We have been going through bird seef like nobodies business lately... now we know why.


This is about 25 yards from my back door and these pics are taken through the glass -
 

You looking at me? YOU LOOKING AT ME????
  

/ message  sig


----------



## rdknb (Aug 13, 2011)

Bears are also known to like bird seen, Did not know Deer are too


----------



## fpnmf (Aug 13, 2011)

Summer sausage with legs!!! MMMMMM!

  Craig


----------



## chef jimmyj (Aug 13, 2011)

Bird seed!?!  They fatten better on CORN...Nothing better than having your meat delivered, YUM!...JJ


----------



## pineywoods (Aug 13, 2011)

Great pics and they have to eat too


----------



## michael ark (Aug 13, 2011)

mmmmmmmmm back strap 
	

	
	
		
		



		
		
	


	





At deer camp that's in the skillet first thing.That's for all the help dragging and cleaning.Just one side though.Were not greedy just hungry.


----------



## daveomak (Aug 13, 2011)

Ellymae, evenin'...........throw out corn.......birds like corn too.........if you notice the deer eatin' the corn.......shoot the deer........ let the autobon society know you are protecting their loved-ones..........

slow smoke the deer with bacon slithered throughout the meat with one of those needle things. Corn on the cob, apple pie, pumpkin pie, pecan pie, stuff some garlic in the meat also, call me...........call me anything you want.......just invite me and bride over.......


----------



## desertlites (Aug 13, 2011)

Real cool shots there, thanks for posting them..


----------



## tyotrain (Aug 13, 2011)

must be twins ?   Nice pic


----------



## SmokinAl (Aug 14, 2011)

Great photo's!


----------



## pops6927 (Aug 14, 2011)

Hmmmm.... now if you put out a salt lick block and sprinkled it with some #1 pink cure, are you going to have some cured and smoked venison hams?  JUST KIDDING!  LOL!


----------



## keymaster (Aug 14, 2011)

Very cool pics and nice green rolling Grass.


----------



## Bearcarver (Aug 14, 2011)

Awesome pictures Elly, especially considering it's through the glass (hard to believe).

My feeders are too high, but the deer & the Turkey's help clean up under the feeders.

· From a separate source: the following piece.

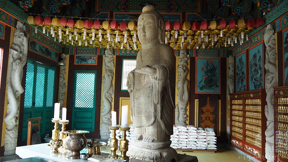 보궁 옆의 약사보전내에 있는 서 있는 돌부처입니다.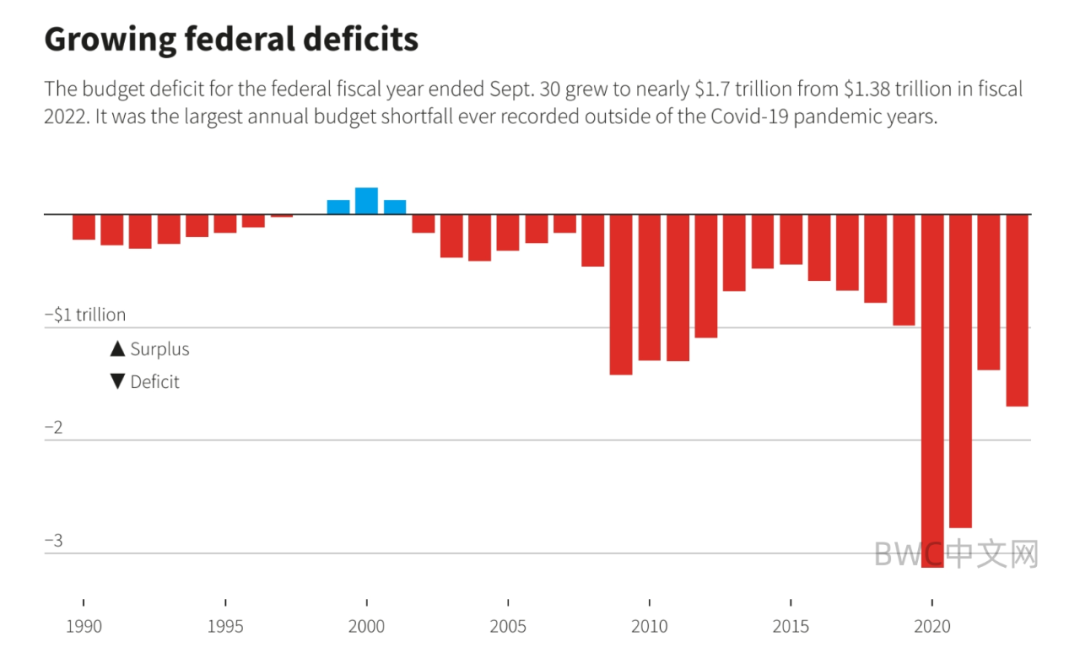 如下图,2020年至2023年,美国联邦的预算赤字几乎占据了美国经济史上前四大赤字年份。专家预计,美国正在进入2万亿美元年赤字的时代。2023年以来,白宫至少上演了三次因债务上限问题而面临的潜在关门停摆危机。

Last year, when there was 3' of snow on the ground, a Button Buck with a badly busted front left leg spent about an hour every day there.

Thanks for the pics,

Bear


----------



## ellymae (Aug 14, 2011)

I came downstairs this morning and they were back at the feeder. Yesterday while we were at Tractor Supply we picked up a block od food for them and put it back by the peach tree they like to snack at. The forst one saw it and was really leary of it - knew it was new and avoided it. Came back about an hour later and they were chowing down on it. Love watching it. Put the dog out and they watched her, but they never moved. Fortunately she couldn't care less about them so no need to chase her into the woods.


----------



## meateater (Aug 14, 2011)

Cool picks, keep fattening them up.


----------



## venture (Aug 14, 2011)

No QVIEW?

Good luck and good smoking.


----------



## garyinmd (Aug 14, 2011)

Ellymae, cool pictures.

We have a wooded backyard and have visitors all the time.  I have seen them snooping around the bird feeder but usually they just keep the area around it cleaned up.  We are in a populated neighborhood and I think they have gotten use to people, don't seem to care if I am on deck taking pictures like these I took these last January.

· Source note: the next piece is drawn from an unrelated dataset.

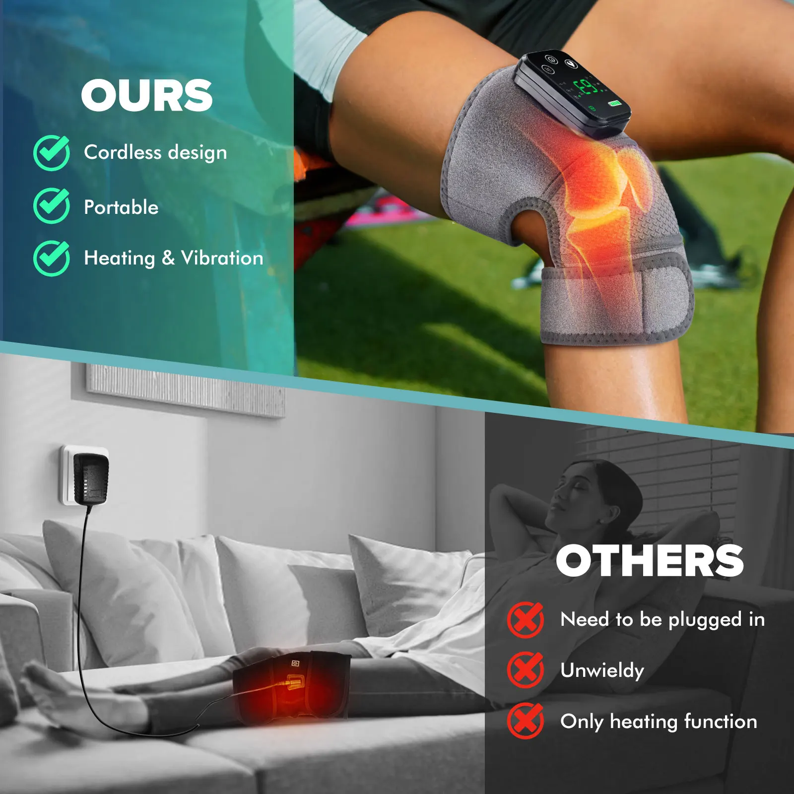 4. Built-in 4000mAh high-capacity rechargeable lithium battery, this knee pad supports wireless use, so you can enjoy a comfortable massage anytime, anywhere.

Fun to watch when they come through the back, used to see a lot of fox but have not seen them for awhile.

Thanks

Gary.


----------



## ellymae (Aug 14, 2011)

Beautiful - thanks for sharing!


----------



## chefrob (Aug 16, 2011)

Pops6927 said:


> Hmmmm.... now if you put out a salt lick block and sprinkled it with some #1 pink cure, are you going to have some cured and smoked venison hams?  JUST KIDDING!  LOL!


and that's why yer the trusted one 'round these parts!


----------



## miamirick (Aug 16, 2011)

nice view from the back door, hope you got a porch so you can sit and watch them

dont let em sneak up on you!


----------



## scarbelly (Aug 17, 2011)

Great pictures Ellie - They would have fun with the coyotes here


----------